The European distressed market steadily picked up in 2022, a function of energy price rises, supply chain disruption, interest rate rises and inflationary pressures. Distress was mitigated by the prevalence of covenant lite/covenant-loose debt documentation and many companies having refinanced their existing debt in 2021, pushing out maturity walls to 2025 and beyond.

Throughout 2022, the Part 26A restructuring plan (the Plan) and schemes of arrangements have continued to be popular tools for restructurings in Europe. The “cross-class cram-down” has remained an attractive feature of the Plan. It has been used in two out of four Plans sanctioned in 2022 (ED&F Man and Houst). 2022 also saw the first use of the “cram-out mechanism” in Smile Telecoms, where the Plan company petitioned the court to exclude out-of-the-money stakeholders from voting on the Plan. In Houst, the court departed from the statutory order of priority under the relevant alternative for the first time, illustrating a key difference between the Plan and US Chapter 11 proceedings.

Meanwhile, during 2022, we saw stressed European companies seeking to use more bespoke refinancing techniques to address financial needs, including more aggressive forms of liability management. For instance, Keter reportedly considered carrying out an amend-to-extend through an “exit consent” in October 2022. This was the first prominent example in recent history of a company proposing an uptiering transaction under English law governed documents.

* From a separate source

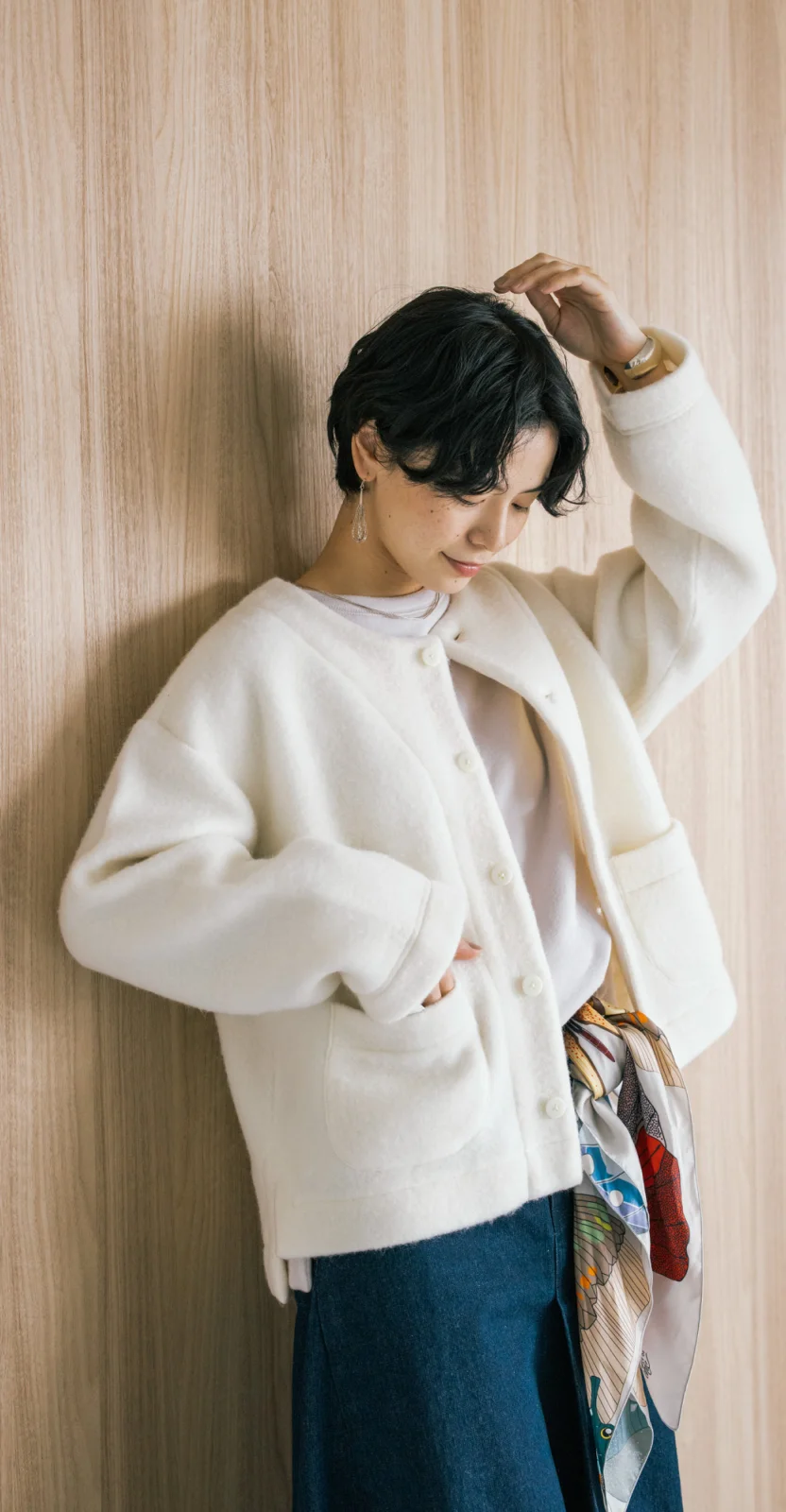 〈O2〉Double Face Cardigan (Milky White) ¥17,600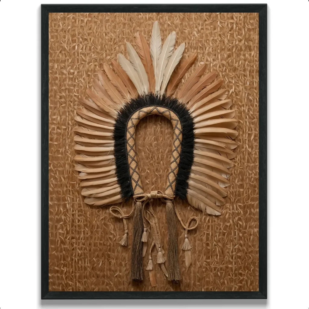 Quadro Cocar Indigena 21×30 Exclusivo Rustico Moldura Vidro

Although the proposal was subsequently dropped, it illustrates the attraction of exit consents and uptiering transactions for sponsors and companies versus the more well-established paths of schemes of arrangements and Plans.

The levels of activity in the bank financing market in Q3 of 2022 were low in comparison to the equivalent period in 2021. As the market shifted to direct lending providers, we have seen an increase in attempts by direct lenders to rein in some of the more aggressive features in sponsor-friendly credit documentation precedents that had previously been syndicated. As sponsors generally remained determined to retain their precedent positions (reflective of the height of the market in 2021), the tightening of documentation has largely been implemented by way of side letters rather than updates to the credit agreements. Therefore, the documents currently in the market will very often not be reflective of lender protections that are documented elsewhere.

Looking ahead, pressures on businesses are likely to continue in 2023. In a landmark decision in 2022, the UK Supreme Court provided welcome guidance for directors in Sequana on their duty to consider the interests of creditors, which will be of paramount importance as we head into a difficult trading environment in 2023.